The open and collaborative interaction among IMG partners was critical to handling this complex situation and ensuring that GPEI communicated the news regarding delays in IPV availability to countries with one unified voice. The IMG made the decision early on that information and updates would be shared as they became available, noting which information was not yet available and when it should be expected. This transparent approach was appreciated by partners and country-level colleagues. Communications included the issuance of joint information bulletins, synchronized emails to country offices, and commitment to uphold the agreed position of the partnership by all agencies during bilateral discussions.

Delivering Fractional Doses of IPV Intradermally

The IMG, along with other GPEI groups, provided technical guidance to countries interested in using fractional doses of IPV delivered intradermally instead of full-dose IPV, to maximize the number of children who could be immunized given the limited supply of IPV. By February 2016, the global shortage of IPV had become severe enough to threaten the ability of India to provide IPV to children in all of its states [28]. Drawing on previous research which showed that 2 fractional doses of IPV administered intradermally, each of which uses one-fifth the volume of a full IPV dose administered intramuscularly, can elicit a stronger immune response than a single full dose of IPV administered intramuscularly while using less total IPV volume [29, 30], India decided to use intradermal fractional IPV in selected areas. Due to uncertainties about how well fractional IPV would be administered under field conditions, fractional dose IPV was initially used in Indian states considered to be at lower risk for cVDPV2 outbreaks while using full-dose IPV in the states at higher risk.

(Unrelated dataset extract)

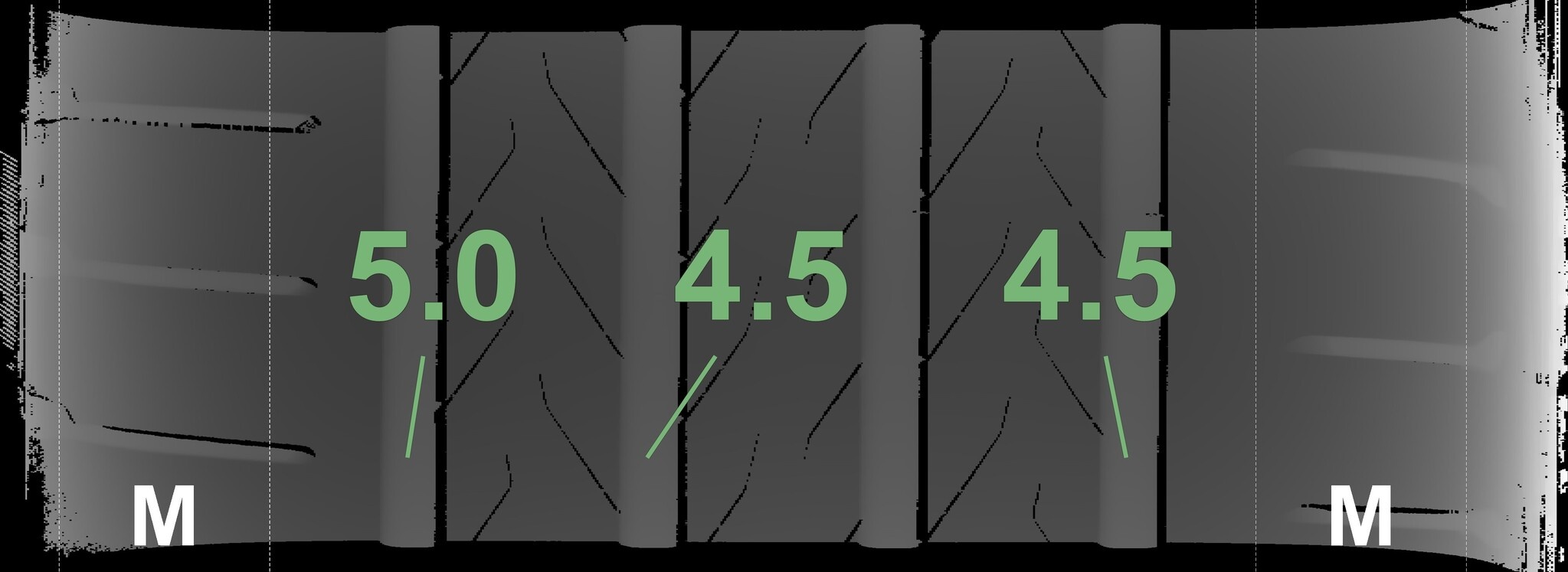 Die gemessenen Profiltiefen und Details zu den Felgen sind oben abgebildet.

In March and April 2016, the WHO SAGE encouraged other countries to consider administering 2 doses of fractional IPV instead of a single full dose [31]. The IMG disseminated information on how countries might implement fractional IPV dosing and provided technical and logistical guidance to interested countries, including collaboration to secure syringes and injection aids for administering fractional dose IPV. As of December 2016, 1 additional country, Sri Lanka, had adopted the use of fractional dose IPV [11].

CONCLUSIONS

The high level of commitment from national governments to introduce IPV within GPEI’s timelines shows the potential to rapidly introduce a new vaccine with the right set of support and incentives. Unfortunately, IPV introduction was delayed in many countries due to the global vaccine supply shortage. However, the efforts of the IMG to use the available supply efficiently ensured that the most children possible could be covered. The first phase of the global withdrawal of OPV, the global switch from tOPV to bOPV, went ahead in April 2016 despite the IPV shortages, with all OPV-using countries reporting that they had ceased use of tOPV by 12 May 2016 [11]. The collaboration and cooperation among IMG partners were critical to these accomplishments.

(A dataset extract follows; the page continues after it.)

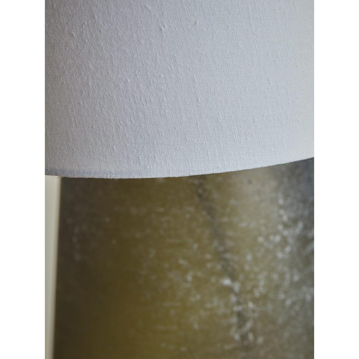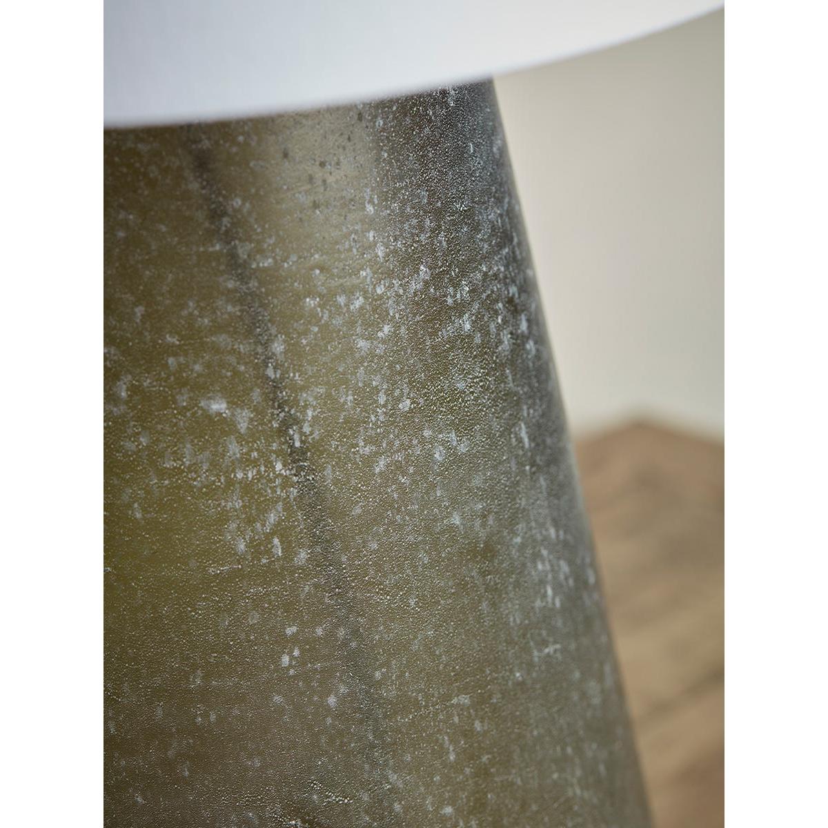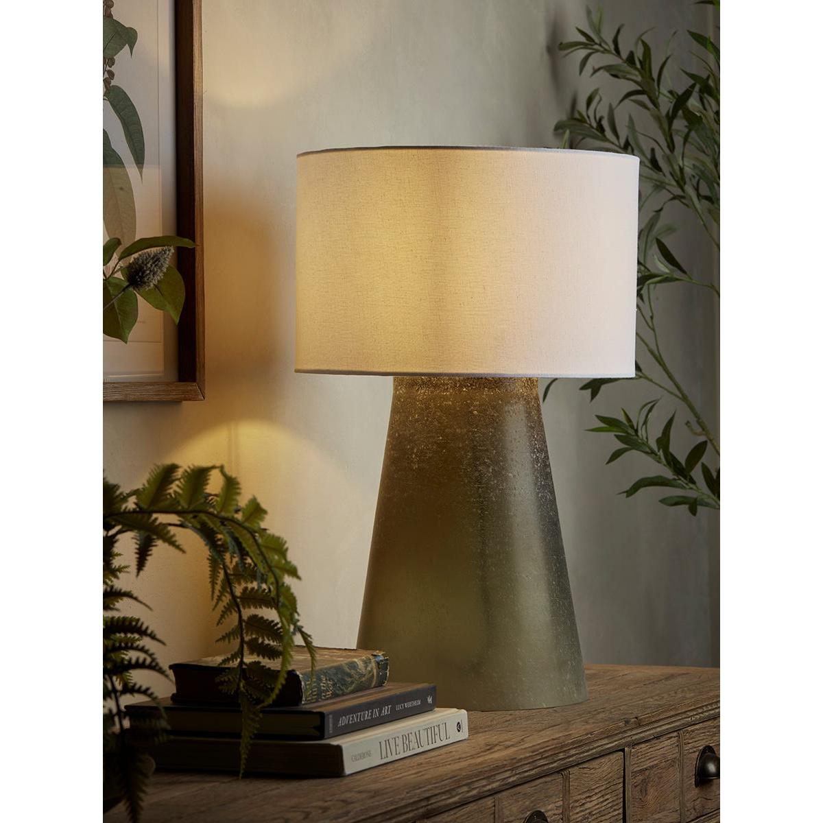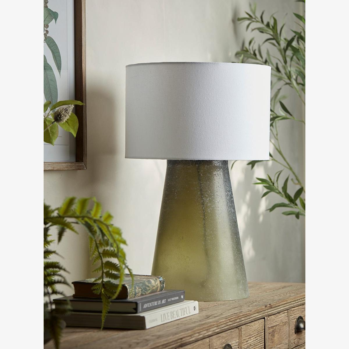 Keep your home well-lit and full of colour with our Frosted Green Glass Table Lamp. A tapered base is crafted from a frosted glass that has wonderful tones of green, adding a subtle brightness to your home. Contrasted with the light cotton shade, the glow of the bulb brings the green tones to life and brings a wonderful energy to wherever you choose to place this lamp. Discover how to create the perfect lighting scheme for your home using our Lighting Buying Guide.

Nevertheless, a great deal of work remains if the full potential of IPV is to be realized. In addition to the need to introduce IPV in the remaining countries that were delayed due to supply constraints, and resupplying those forced into stockouts, sustained effort will be needed to ensure IPV use continues after GPEI funding ceases. The IMG’s coordination efforts, along with having access to the necessary resources, were critical to the rapid pace of IPV introduction during 2013–2016. The overall success of global IPV introduction between 2013 and 2016 suggests that it could be a viable model in many ways for efforts to introduce other vaccines globally, particularly if a vaccine needs to be rapidly introduced across a large number of countries.